Questions from the “Compute Express Link™ (CXL™) Link-level Integrity and Data Encryption" Webinar
By Raghu Makaram and David Harriman
The recent “Compute Express Link™ (CXL™) Link-level Integrity and Data Encryption (CXL IDE)” webinar explored CXL IDE usage models and how security is managed across CXL.io, CXL.mem, CXL.cache and CXL Switches. The webinar also explored a device’s responsibility to maintain security. If you missed the live webinar, the recording is available on BrightTALK and YouTube. The presentation is also available for download on the CXL Consortium’s website.
We received several questions during the Q&A portion of the webinar and below is a recap of the questions and answers discussed during the webinar.
Q: The figure on slide 11, if a key switch (exchange) process happened between MAC_EPOCH1 and MAC_EPOCH2, when exactly will the Initialization Vector (IV) counter be configured at each (TX/RX) port? Is the RX side still using the old IV value to decrypt the first FLIT of the MAC_EPOCH2?
In the definition of AES-GCM, all the FLITs in the Media Access Control (MAC) Epoch must be processed together. That means there is one key and one Initialization Vector (IV) for all the FLITs in the Epoch. The key switch must happen at the boundaries of the MAC Epoch. So, all the yellow FLITs would use one key and one IV. The green FLITs would use a different key and IV. The MAC for the yellow FLITs, even though it’s coming later, would have been processed with the IV and the key from the previous Epoch. One way to address some of these nuances would be to do a truncated MAC and end the MAC Epoch prior to key switch.
Q: With CXL IDE, what is the impact on the latency of CXL.mem read and write commands?
The latency impact would depend on the mode of IDE used. During the presentation, we mentioned that there are two modes of aggregation – containment mode and skid mode. When skid mode is used, there is little to no latency impact because as soon as the FLIT
is received it is decrypted and released for further processing, so the latency is minimal. In containment mode, the FLITs have been held back until the MAC check completes so there would be additional latency.
Q: When keys are changed on the fly, what will the MAC be calculated on?
The MAC is always based on the keys and Initialization Vector (IV) that were used to protect the FLITs in the given MAC EPOCH. If you look at how AES-GCM defines the actual FLIT content that gets mapped into additional authentication data and plain text, this is processed with a key and an IV to generate the MAC, so this whole unit goes together as one. The key switch happens, new FLITs will get encrypted with the new key, they will be integrity protected with the new key.
Q: Are there requirements to distinguish IDE-related link resets from non-IDE or implementation-specific resets?
In general, for any reset that occurs when IDE is enabled and getting used, secrets that are present (from previous reset epoch) must be protected.

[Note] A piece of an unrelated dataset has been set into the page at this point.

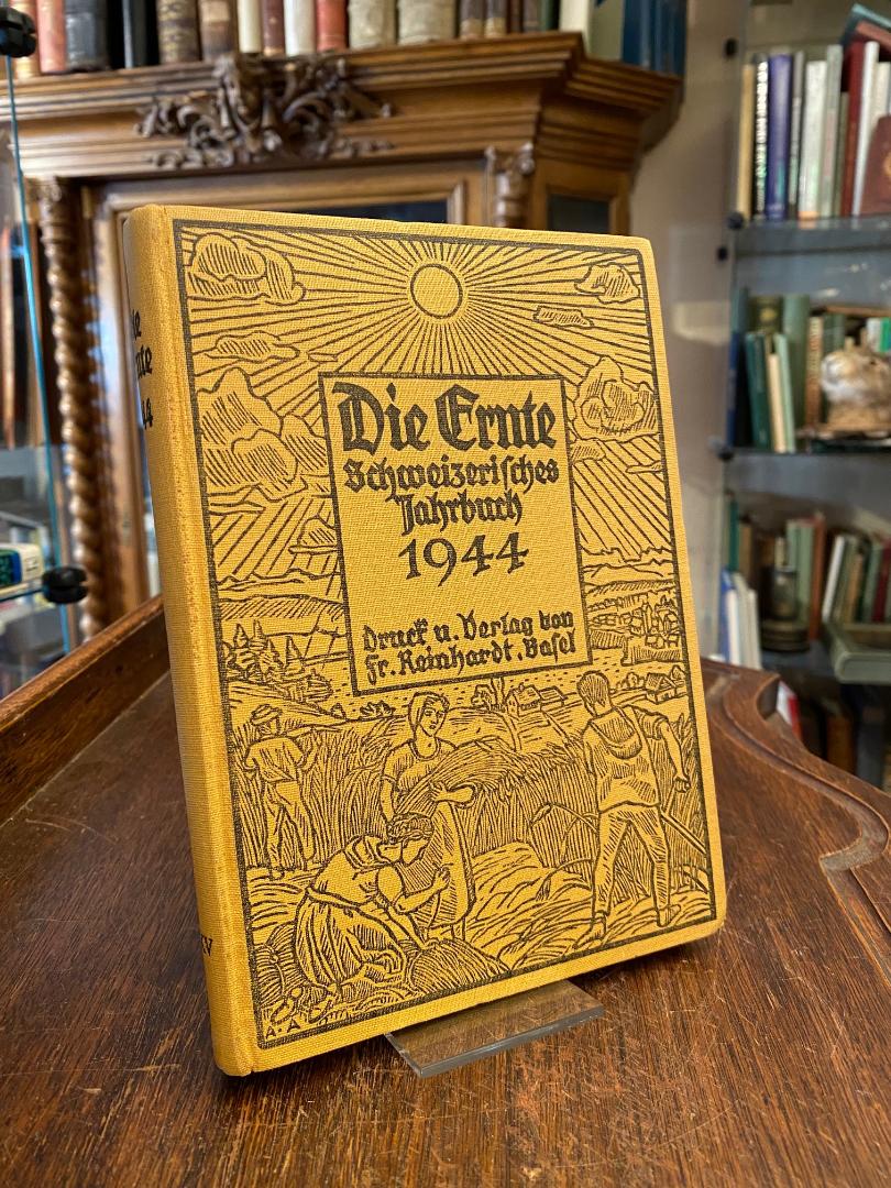 Garbe-Schriftleitung (Hrsg): Die Ernte : Schweizerisches Jahrbuch 1944 : 25. Jahrgang. Basel, Verlag von Friedrich Reinhardt, (1943). 8° (20x14), 188 S., mit zahlr. Textillustrationen und teils farb Tafeln, einige Werbeblätter, gelber Oln mit geprägter Illustration, SchmuckVorsätze, nahezu ungelesen, schönes gepflegtes Exemplar,

Once you come back up from the reset, IDE keys must be cleared, and any plain text and additional crypto state present will also have to be cleared.
Q: Does the required traffic have to be back-to-back? If it is sequential traffic, how is the IDE expected to behave?
Traffic doesn’t need to be back-to-back; there can be bursts of traffic. For example, you could send FLIT 1, and then there may be some amount of time before FLIT 2 arrives. The FLITs are ordered at the link level, so they get sent in that order and the receiver sees the same order that the transmitter sent. There may be practical reasons, for example, if the link has been idle for a long time, then you may need to terminate the MAC and send a TMAC (Truncated MAC Flit) to complete the MAC Epoch early and avoid large latencies in containment mode.
Q: Why is a selective stream not supported in CXL.cache?
The key observation is that in PCI Express®, the TLP (transaction layer packet), which is the routable unit, is the basis for IDE. Setting aggregation aside for the moment, the connection end-to-end between two ports implementing selective IDE are “simple” because you take the entire unit that comes into the switch and determine which port it goes out and pass it out. CXL has a very different structure, where you will be applying the MAC across a relatively large number of FLITs which potentially are all routing to different places. This essentially precludes having a selective IDE mechanism applied to this. On the contrary, what if you applied the MAC to each individual FLIT? It would have a significant impact on the usable bandwidth, which is not desirable. This is something that is a result of the natural difference between a FLIT-based protocol like CXL Cache/mem and a larger packetized protocol like PCI Express, which then applies to CXL.io as well.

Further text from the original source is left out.